Но когда Джонатан проснулся, он увидел, как в окошко рубки бьет солнечный свет, а Эскаргот плещет себе на лицо водой из чашки - его плащ, уже вполне видимый, лежал на его спальном мешке. Чудесные запахи бекона и кофе наполняли рубку, и Профессор позвякивал двумя шипящими сковородками, стоящими на походном очаге, и помахивал вилкой над потрескивающим беконом.
- Сколько времени? - спросил Джонатан. - Я пропустил свое дежурство.
Он опустил негнущиеся ноги на пол. Его икры и бедра гудели так, словно он всю ночь крутил педали.
- А я пропустил свое, считай, на целую неделю, после того как продал одну вещицу, - произнес Эскаргот. - Солнечные часы, сделанные из кальмара, показывали время точнее, чем мои часы. Потом я обменял их на те карманные часы, о которых вы уже слышали. Но я сделал только хуже. От этих часов были одни несчастья. А избавление от этих часов было еще большей ошибкой. Но я готов исправить все это. Если бы я сохранил свои часы из кальмара, ничего бы не произошло. Вот подумайте, смогли бы вы увидеть всех этих эльфов, гномов, коротышек, гоблинов, и кто знает, кого еще, если бы я не обменял часы? Вряд ли. А часы из кальмара - это самая странная вещь на свете.
К этому времени Джонатан уже встал и разминал мышцы. Он прохаживался так, как делал это, должно быть, один из тех коротконогих троглодитов из музея в городке Твомбли, прежде чем превратиться в окаменелость.

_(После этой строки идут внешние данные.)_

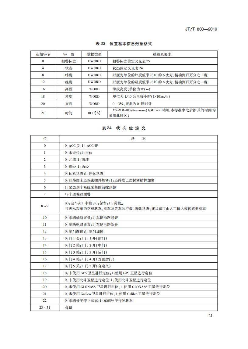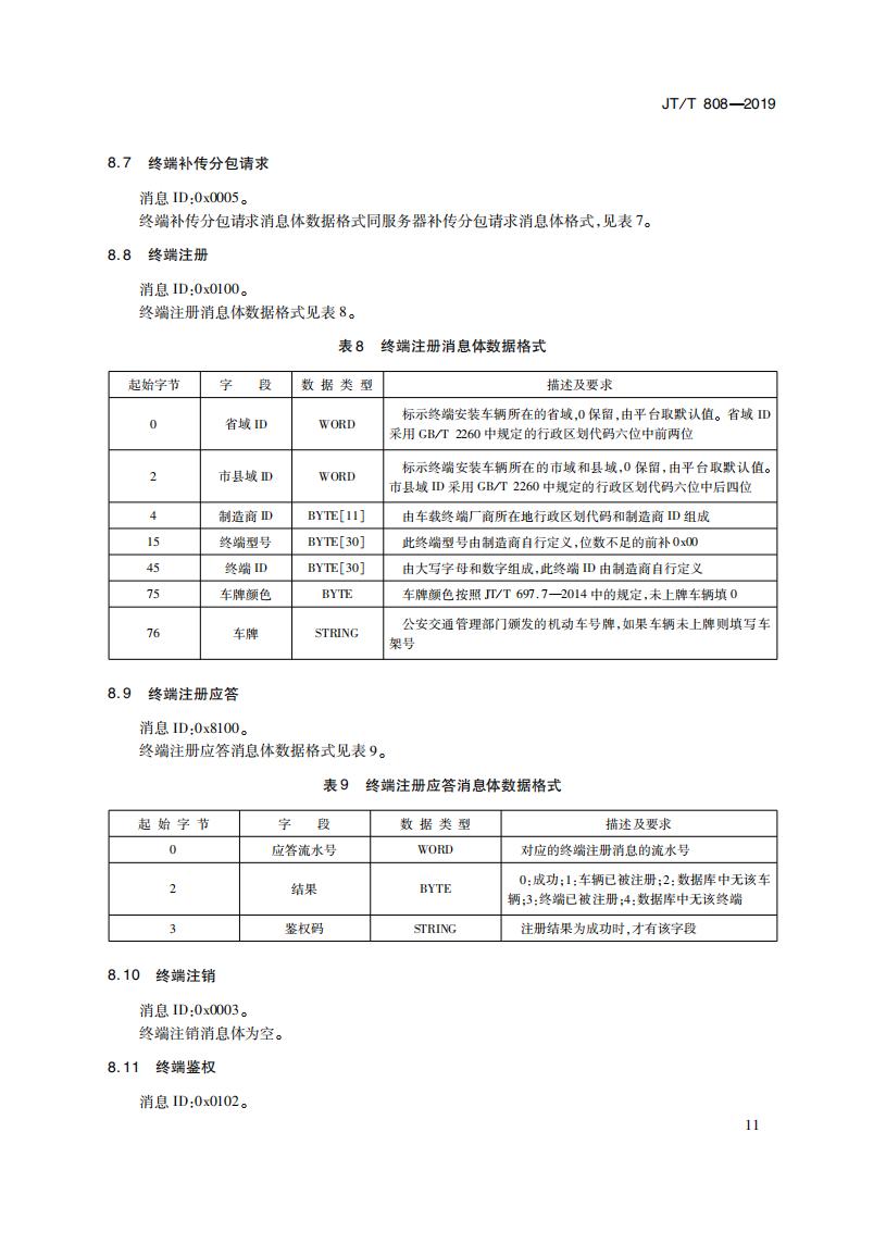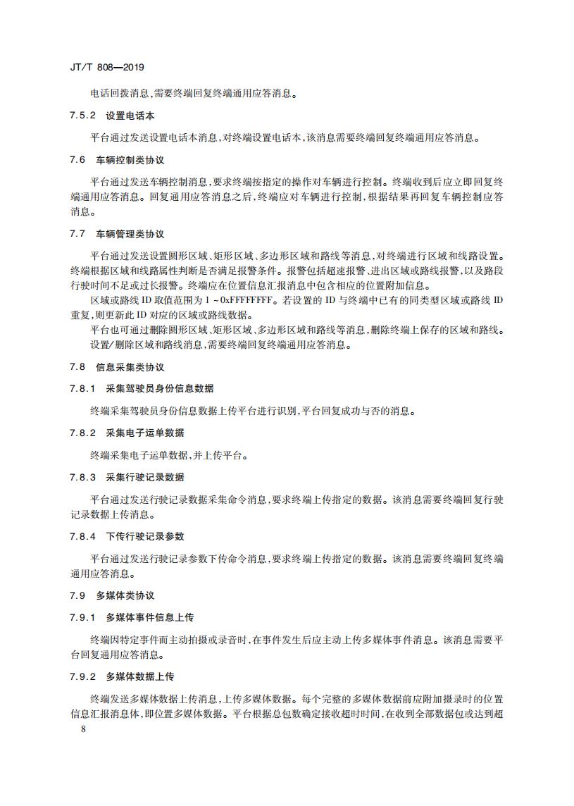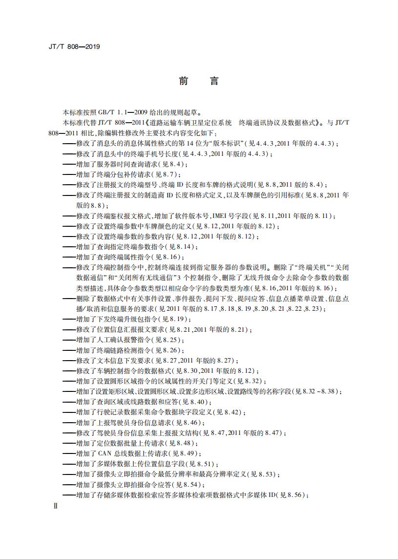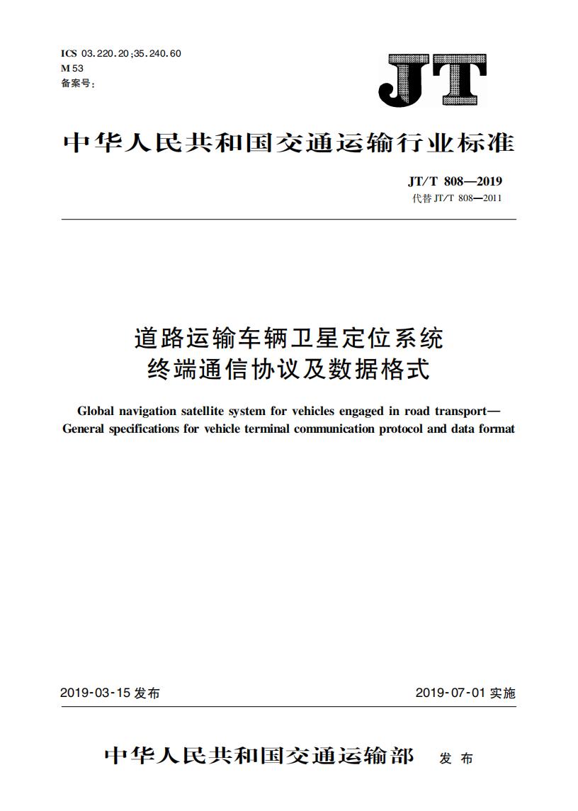 JTT808-2019 道路運(yùn)輸車輛衛(wèi)星定位系統(tǒng)(終端通信協(xié)議及數(shù)據(jù)格式)

Джонатану пришло в голову, что, по всей вероятности, сильная физическая нагрузка и явилась причиной того, что троглодиты окаменели, - ваши конечности делаются с каждым днем все тверже и наконец в одно прекрасное утро вы просыпаетесь и обнаруживаете себя совершенно застывшим, после чего вам придется лишь выкатываться из своей постели. Но тут Джонатан заметил, что его конечности уже стали гибкими, а ведь прошло совсем немного времени. По-видимому, это произошло под влиянием запахов кофе и бекона.
- Кто-нибудь должен был разбудить меня ночью, - сказал Джонатан. - Сам я бы ни за что не проснулся.
Эскаргот натянул свой плащ и исчез из виду.
- Я весь день ничего не делал, только болтал. Если вы будете слишком много разговаривать, то сойдете с ума. Это уже доказано. Верно, Профессор?
Профессор кивнул, но Джонатану показалось, что он сделал это лишь из вежливости.
- Таким образом, - продолжал Эскаргот, - я решил, что если я просижу всю ночь, раздумывая о том о сем, то буду молчать, даже если слова попытаются сами вылезать из меня. У эльфов есть пословица на эту тему, они говорят, что молчание - золото. Они считают, что чем больше молчишь, тем мудрее становишься. Для того чтобы понять, насколько ценна философия, достаточно часок, не больше, пообщаться с эльфами. Да, кстати, вы знаете, что сказал этот Бламп, когда их корабль отправился на следующую ночь в плавание?
- Нет, - ответил Джонатан, - мне кажется, Бламп отплыл еще до того, как мы отправились в Гавань Дроздов.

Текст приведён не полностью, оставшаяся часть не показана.